--- Records for this task ---

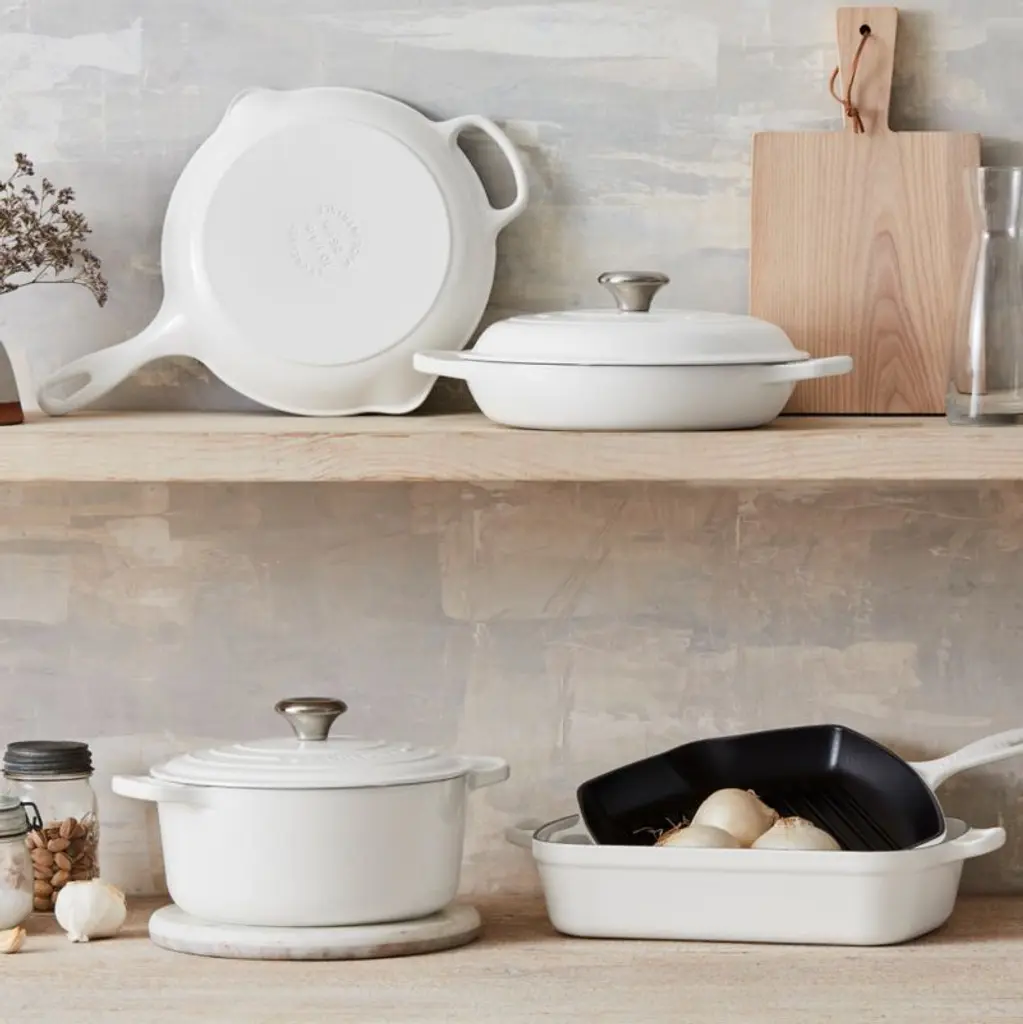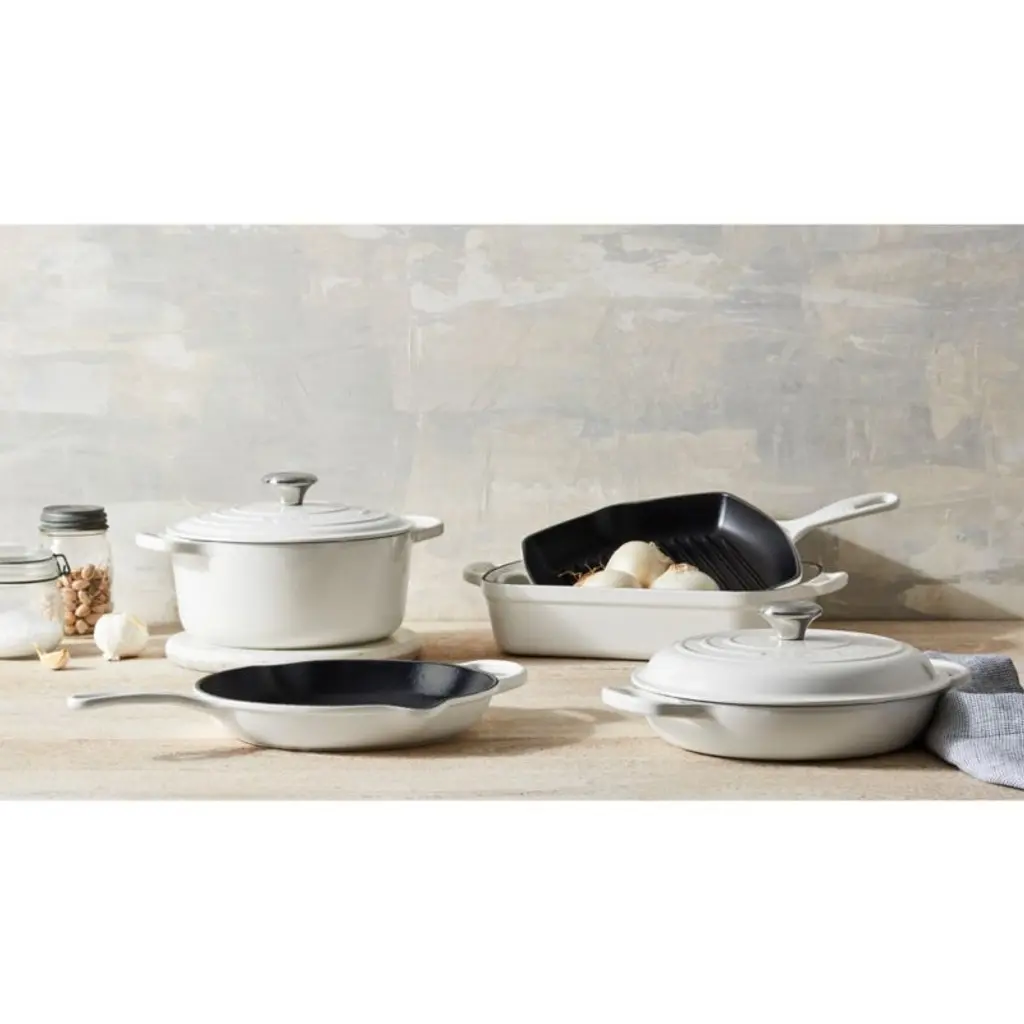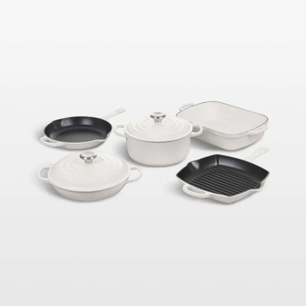 Featuring timeless favorites from Le Creuset, this seven-piece cookware collection makes a fabulous wedding, anniversary or housewarming gift. The durable cast iron clad in glossy white enamel is designed to last a lifetime. The roasting pan, Dutch oven and braiser have Le Creuset's signature sand-hued interior, while the skillet and grill pan feature a black enamel finish suitable for higher temperatures. All piecesincluding the lids adorned with sturdy stainless steel knobssafely go from the stovetop to the oven to the table to serve with style.Revered by both professional chefs and home cooks since its 1925 debut, Le Creuset's classic French cookware is prized for its utilitarian beauty and unsurpassed heat retention.
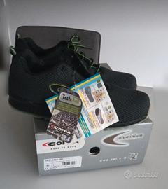 Scarpe da uomo con punta in acciaio, mai indossate, scatola originale etichetta originale. Colore nero e profili verde alta visibilità.
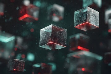 Abstract 3d floating glass cubes with red and teal neon light, futuristic blockchain data technology background
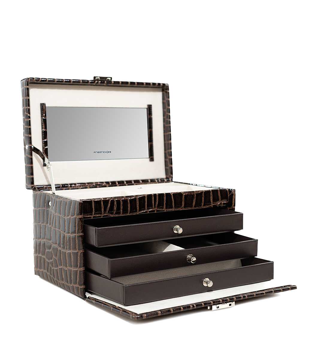 Friedrich|23 Cutie de bijuterii cu 4 niveluri, maro închis, cu imprimare croco Jolie Capac cu oglindă
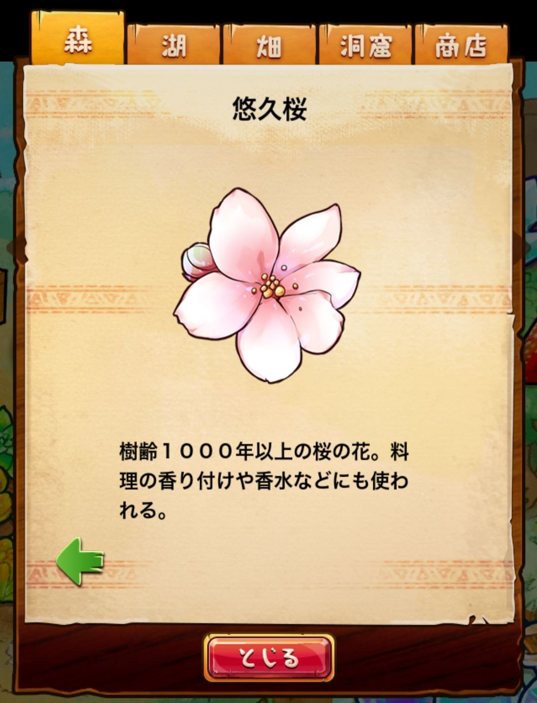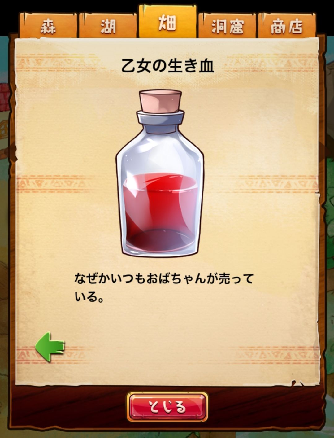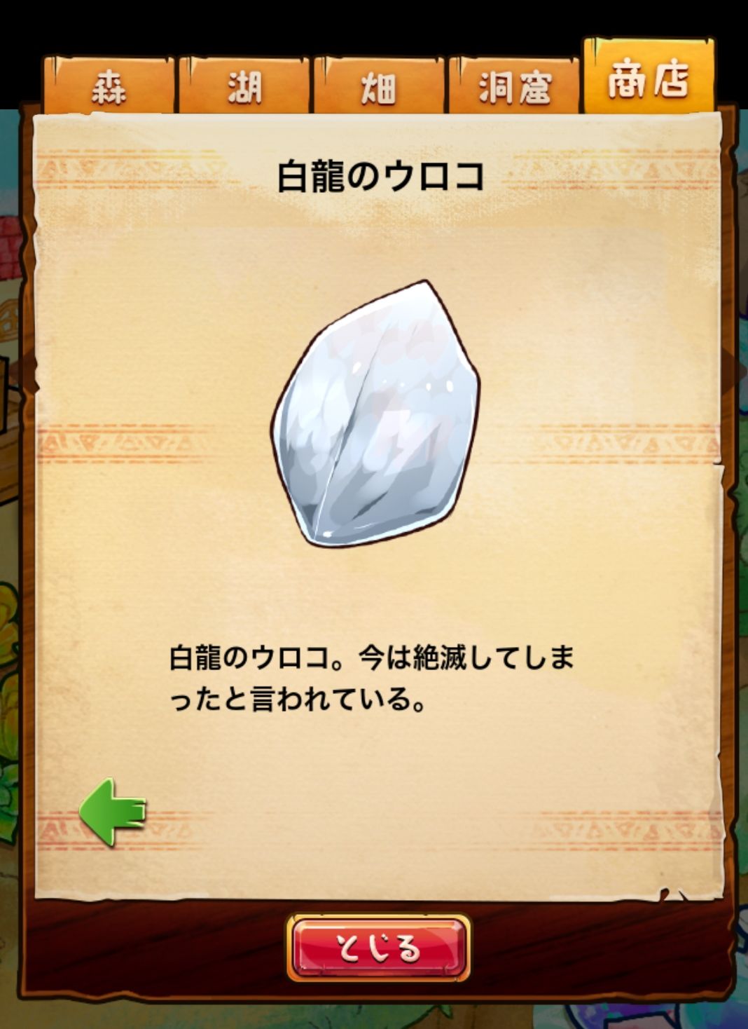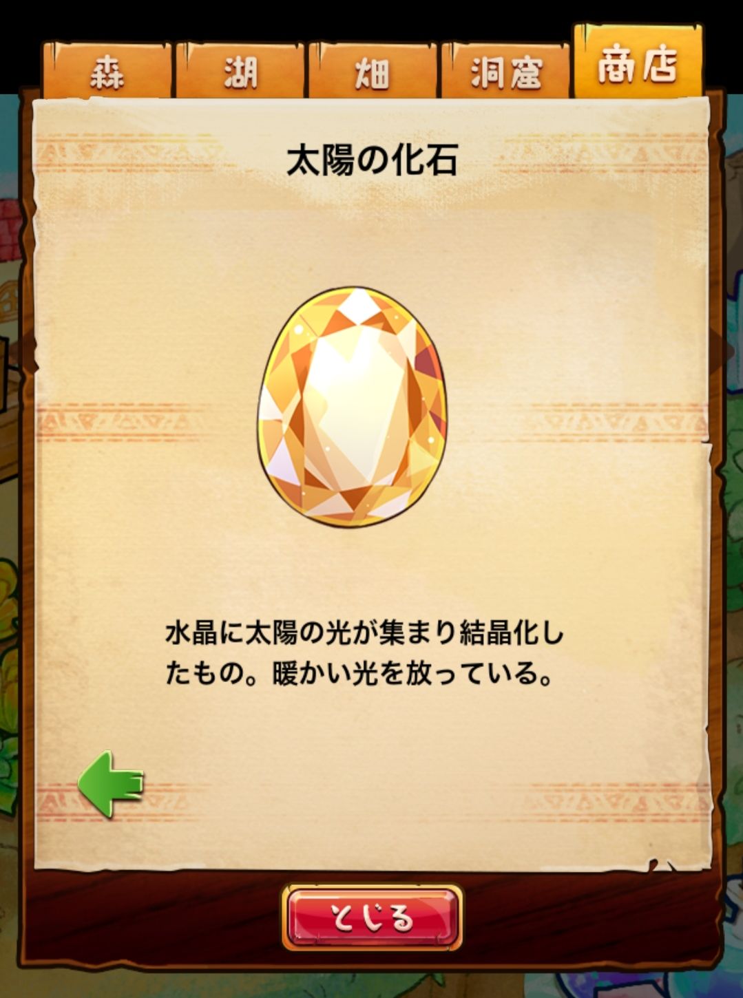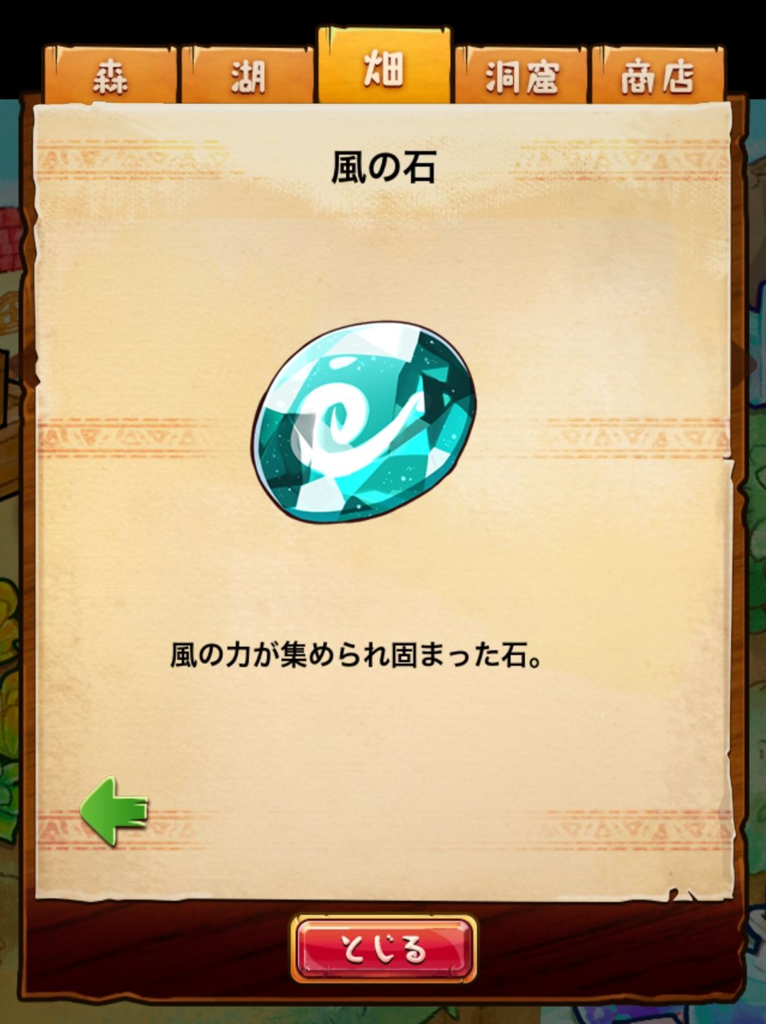 材料分五个地方: 森林,湖,田,洞窟和商店
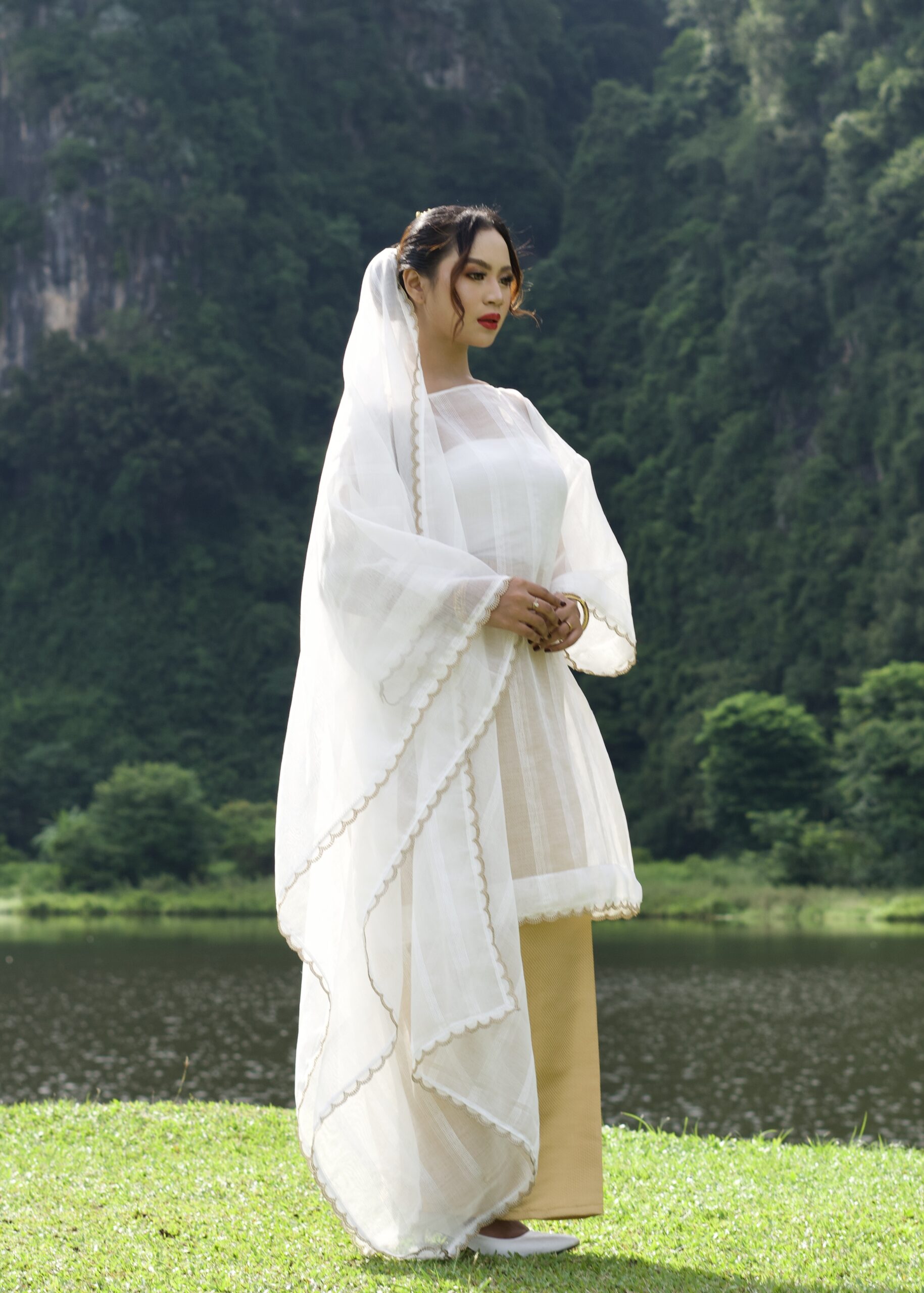 Songket emas berkilau lembut umpama bayang cahaya bulan di hujung tirai jendela …tenang, bersahaja, tapi penuh martabat”
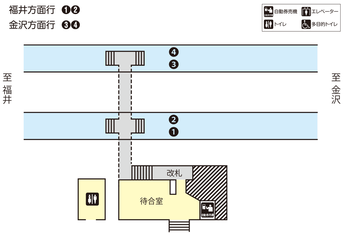 | エレベーター | 視覚障がい者誘導用ブロック | 多目的トイレ | 多機能型券売機 | 音響案内 |
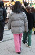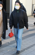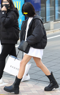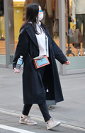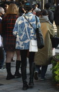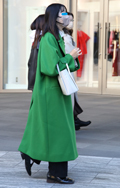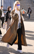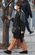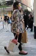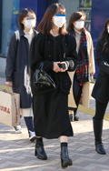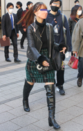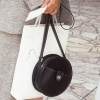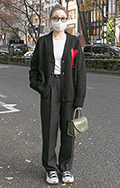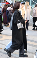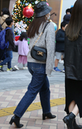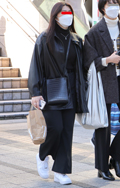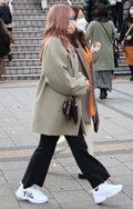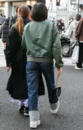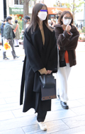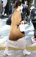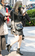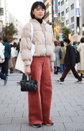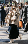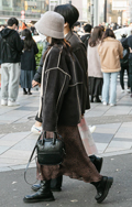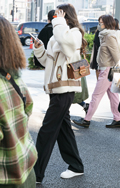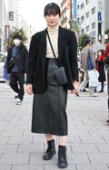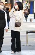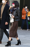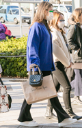 本体がA5サイズ以下のバッグで、素材がレザーまたはフェイク(エコ)レザーのバッグを持つ女性すべて。縁取り部分だけがレザーのものも含む。
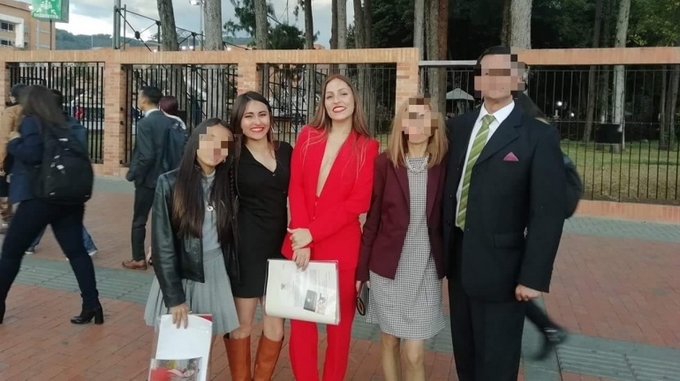 En la imagen se ve a Irlanda junto a su familia, vestidos para la ocasión, cerca a la Universidad Militar Nueva Granada, donde había acabado de recibir su título profesional del programa de relaciones internacionales y estudios políticos, además su tesis fue reconocida con una mención meritoria durante la ceremonia.
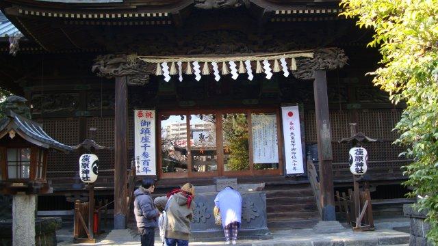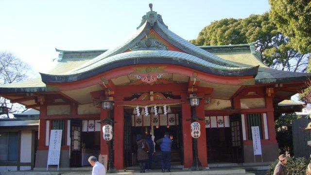 目黒川畔に佇む荏原神社には恵比寿神が祀られています。
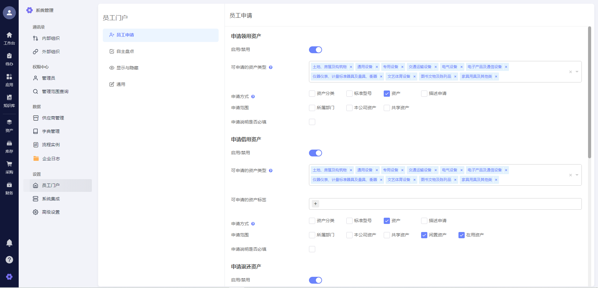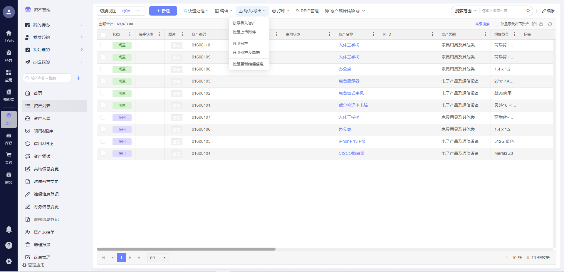 - 全场景管理覆盖:多品类资产的入账、变动流程实现标准化,新增、更新、增值、分割等场景均实现线上闭环,满足企业多样化管理需求。

---

- **Problem details**: What you return should match the records line for line, minus the pictures.

- **Response**:
 Featuring timeless favorites from Le Creuset, this seven-piece cookware collection makes a fabulous wedding, anniversary or housewarming gift. The durable cast iron clad in glossy white enamel is designed to last a lifetime. The roasting pan, Dutch oven and braiser have Le Creuset's signature sand-hued interior, while the skillet and grill pan feature a black enamel finish suitable for higher temperatures. All piecesincluding the lids adorned with sturdy stainless steel knobssafely go from the stovetop to the oven to the table to serve with style.Revered by both professional chefs and home cooks since its 1925 debut, Le Creuset's classic French cookware is prized for its utilitarian beauty and unsurpassed heat retention.
 Scarpe da uomo con punta in acciaio, mai indossate, scatola originale etichetta originale. Colore nero e profili verde alta visibilità.
 Abstract 3d floating glass cubes with red and teal neon light, futuristic blockchain data technology background
 Friedrich|23 Cutie de bijuterii cu 4 niveluri, maro închis, cu imprimare croco Jolie Capac cu oglindă
 材料分五个地方: 森林,湖,田,洞窟和商店
 Songket emas berkilau lembut umpama bayang cahaya bulan di hujung tirai jendela …tenang, bersahaja, tapi penuh martabat”
 | エレベーター | 視覚障がい者誘導用ブロック | 多目的トイレ | 多機能型券売機 | 音響案内 |
 本体がA5サイズ以下のバッグで、素材がレザーまたはフェイク(エコ)レザーのバッグを持つ女性すべて。縁取り部分だけがレザーのものも含む。
 En la imagen se ve a Irlanda junto a su familia, vestidos para la ocasión, cerca a la Universidad Militar Nueva Granada, donde había acabado de recibir su título profesional del programa de relaciones internacionales y estudios políticos, además su tesis fue reconocida con una mención meritoria durante la ceremonia.
 目黒川畔に佇む荏原神社には恵比寿神が祀られています。
 - 全场景管理覆盖:多品类资产的入账、变动流程实现标准化,新增、更新、增值、分割等场景均实现线上闭环,满足企业多样化管理需求。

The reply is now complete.